Here we go again with the bragging about Aussie beer after golf. Remember the possible Headline in the Melbourne paper

"Yanks infest bars with a drunken amphibious landing. There won't be a golf course safe from this blight."


----------



## Surtees (Sep 11, 2007)

Yes but the subtitle is...
*
But NO NEED TO BE ALARM WE STILL HAVE PLENTY OF BEER LEFT AS THE YANKS ONLY HAD 2 OF OUR GREAT BREWS BEFORE THEY FELL OVER!:*eek:


----------



## Surtees (Sep 11, 2007)

Back on topic good to see your staying consistant cc just watch out your son will be beating you soon...


----------



## custom cluber (Jun 22, 2009)

LOL that's what he said! Shame all the yanks couldn't hold their own. I am not a drinker at all, I wouldn't have made it through one. C/C


----------



## broken tee (Jan 13, 2008)

custom cluber said:


> LOL that's what he said! Shame all the yanks couldn't hold their own. I am not a drinker at all, I wouldn't have made it through one. C/C


Don't it messes up your golfing abilities getting a buzz on life is much better:thumbsup:


----------



## Surtees (Sep 11, 2007)

Yeah it best not to drink at all or at least in moderation. but it is nice coming of the course after a great round with mates and siting back and enjoying a nice cold one before heading home.


----------



## custom cluber (Jun 22, 2009)

Took the boy out for a free round today and was I shooting bad, Made alot of foolish mistakes. I almost had my first birdy ever so that was fun. My last hole was the worst three in the drink and a three putt on the green it was ugly, But we had a blast. I got him some longer clubs and he is doing great. C/C


----------



## custom cluber (Jun 22, 2009)

Shot a 49 today, had alot of good shots but was really slicing my irons and that isn't normal. I got them working for me on the last few holes. C/C


----------



## Jamie RS (Jul 24, 2009)

I hit a course for the first time this year, and struggled, AND it was a Par 3 course. It was a terrible, terrible day and I finished +17 a 44. It was a mess. The only thing I felt fine about was that I finished bogey, bogey, bogey, bogey, which was a relief after having doubles and triples to start out. 
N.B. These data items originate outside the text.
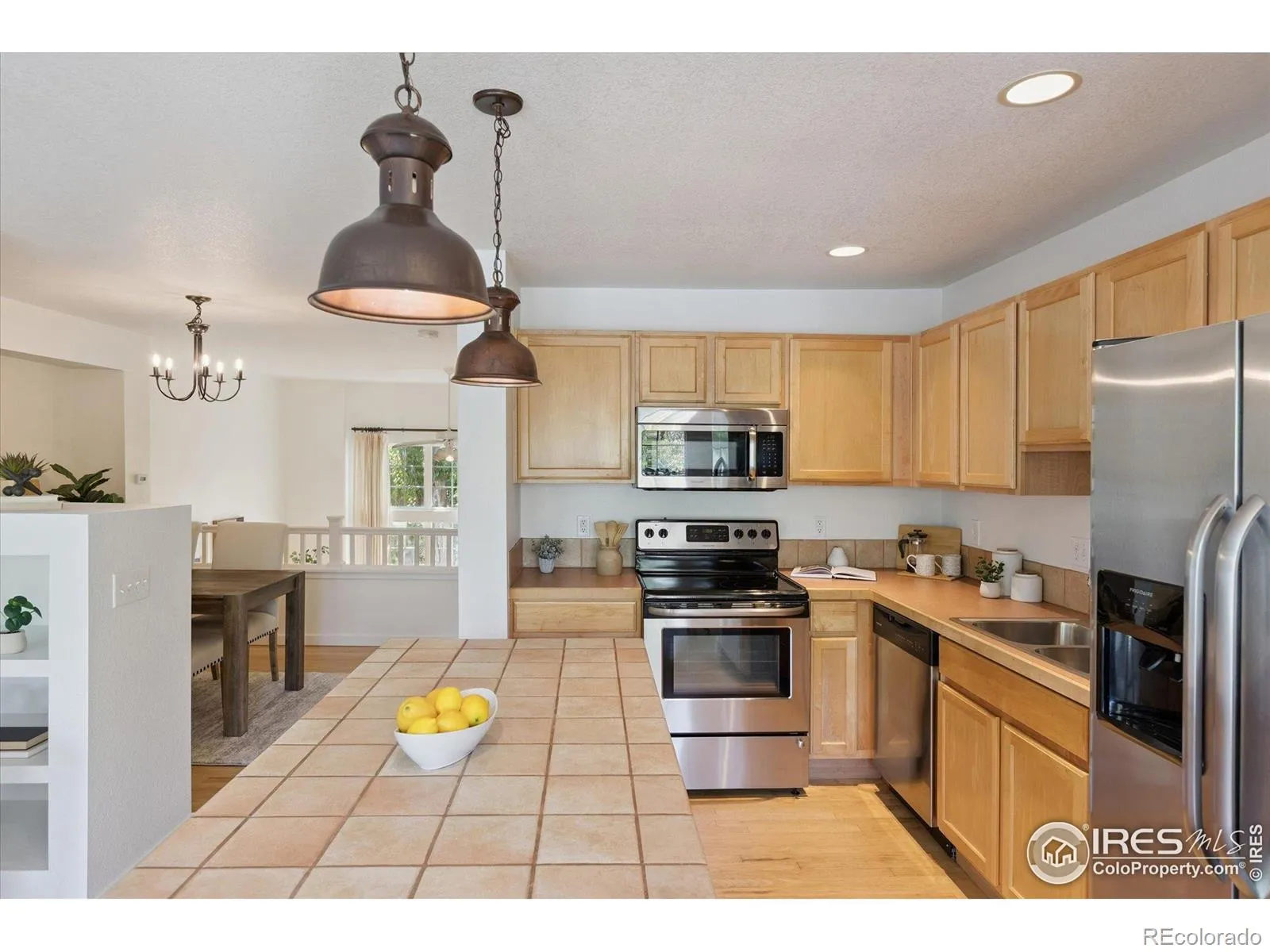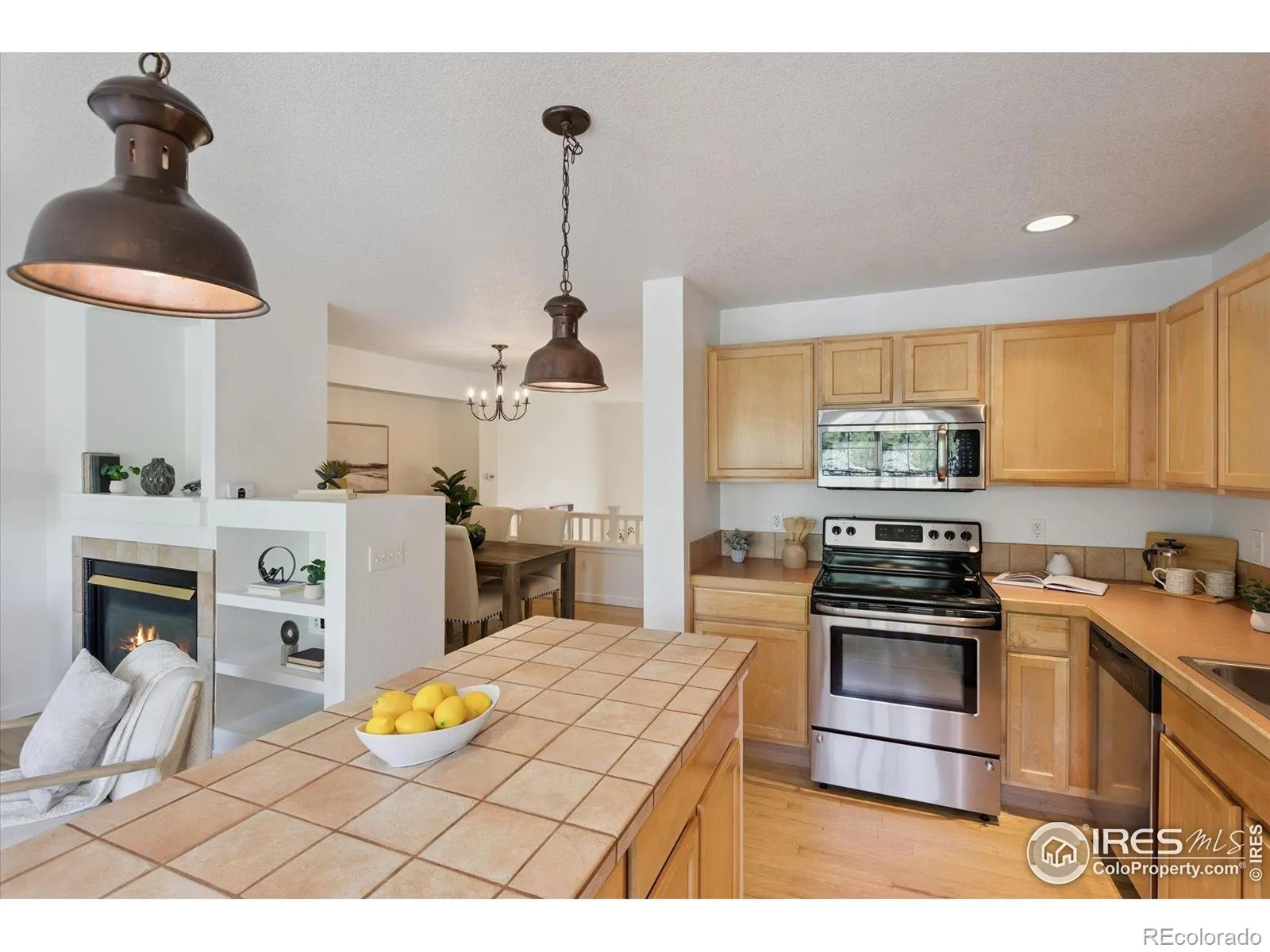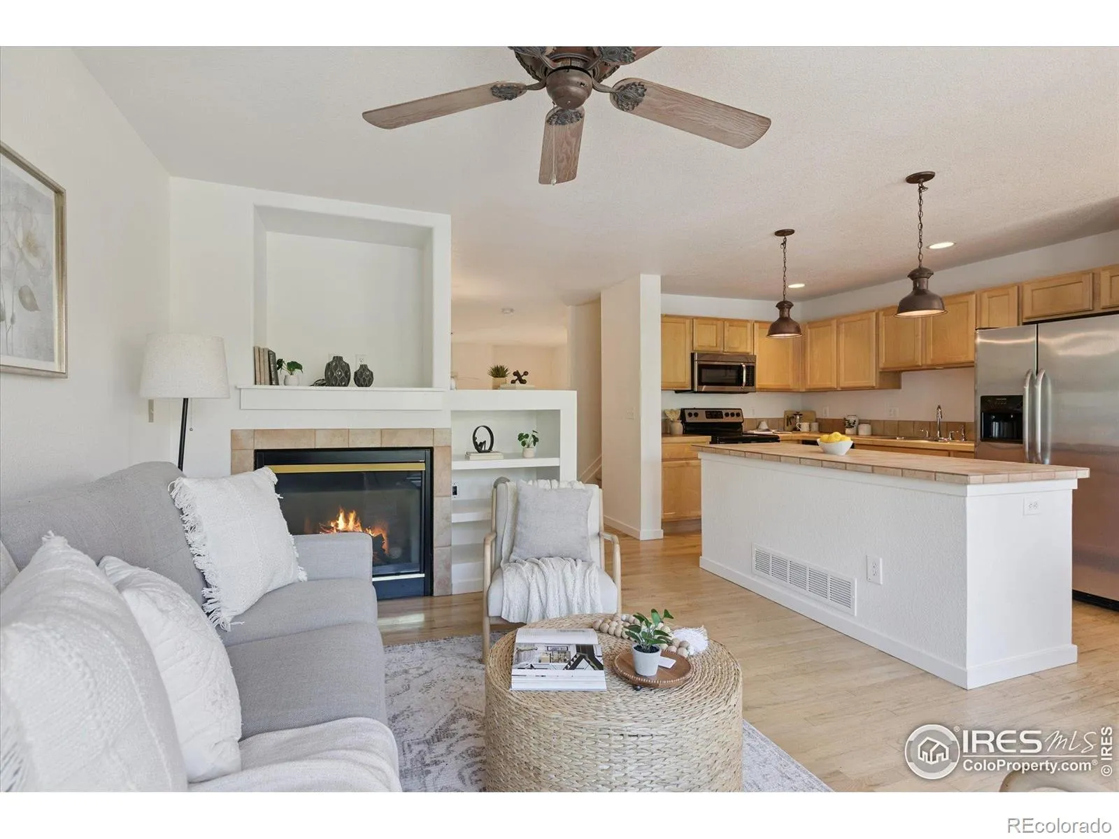 Beautiful Townhome in Indian Peaks Neighborhood. Bright, open floor plan, fully repainted with new carpeting throughout. Mountain views from the back deck. Quiet, interior location in front of a private park area. Large master suite with a five-piece master bath. Laundry room on the upper level with bedrooms. See-through gas log fireplace in dining room and family room. Great open kitchen. There is ample storage throughout, including an unfinished basement. Private front porch area, which is fenced in. Attached 2-car garage. Air conditioned. The townhome is in great condition. Move-In Ready!
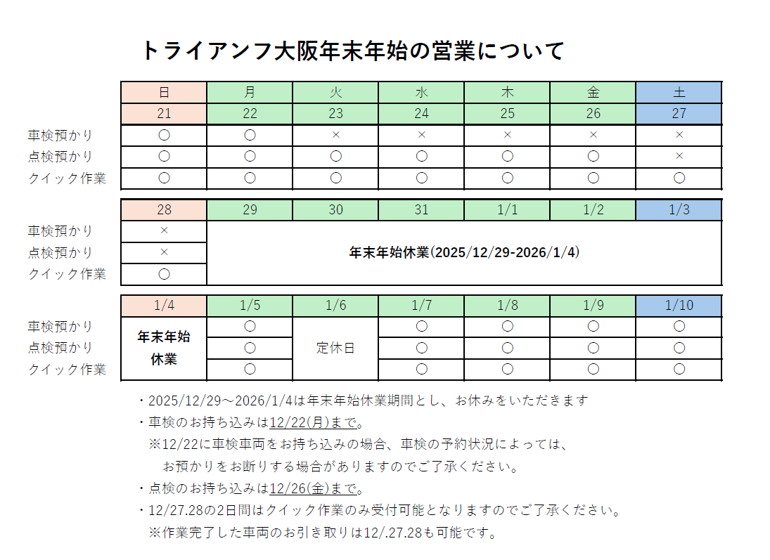 トライアンフ大阪は2025年12月29日~2026年1月4日を年末年始休業としてお休みを頂戴いたします。
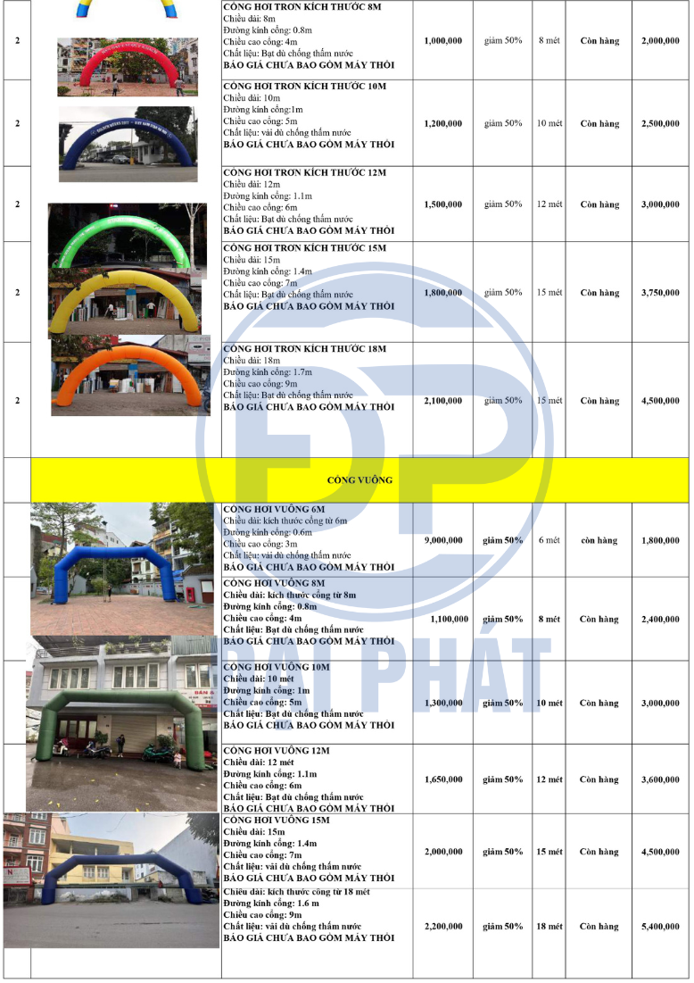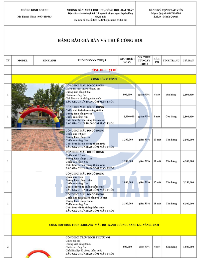 BÁO GIÁ MUA VÀ THUÊ RỐI HƠI CỔNG HƠI TẠI ĐẠI PHÁT

I was aided that I was playing against my friend, even though my adversary was 4 strokes up with 4 to play, I managed to win by 3. We hope to play at least once a week for the rest of the summer, and hopefully I get back to where I think I should be. I want to get rid of the 6s at least, and I never got 6s on par 3 courses in the past.  Just a little bit rusty.


----------



## custom cluber (Jun 22, 2009)

We have to take the good with the bad, I shot a 54 today and it felt alot bworse than it was. Once I added up the total I was suprised to see the 54 I was expecting something in the 60's, lol. C/C


----------



## Surtees (Sep 11, 2007)

it's fun how rounds can feel good and bad and then you add the score card up and get a nice or nasty surprise.


----------



## custom cluber (Jun 22, 2009)

To true luke, I have also had rounds that I thought were going well and was suprised at the end results. C/C


----------



## Jamie RS (Jul 24, 2009)

Jamie RS said:


> I hit a course for the first time this year, and struggled, AND it was a Par 3 course. It was a terrible, terrible day and I finished +17 a 44. It was a mess. The only thing I felt fine about was that I finished bogey, bogey, bogey, bogey, which was a relief after having doubles and triples to start out.
> 
> I was aided that I was playing against my friend, even though my adversary was 4 strokes up with 4 to play, I managed to win by 3. We hope to play at least once a week for the rest of the summer, and hopefully I get back to where I think I should be. I want to get rid of the 6s at least, and I never got 6s on par 3 courses in the past.  Just a little bit rusty.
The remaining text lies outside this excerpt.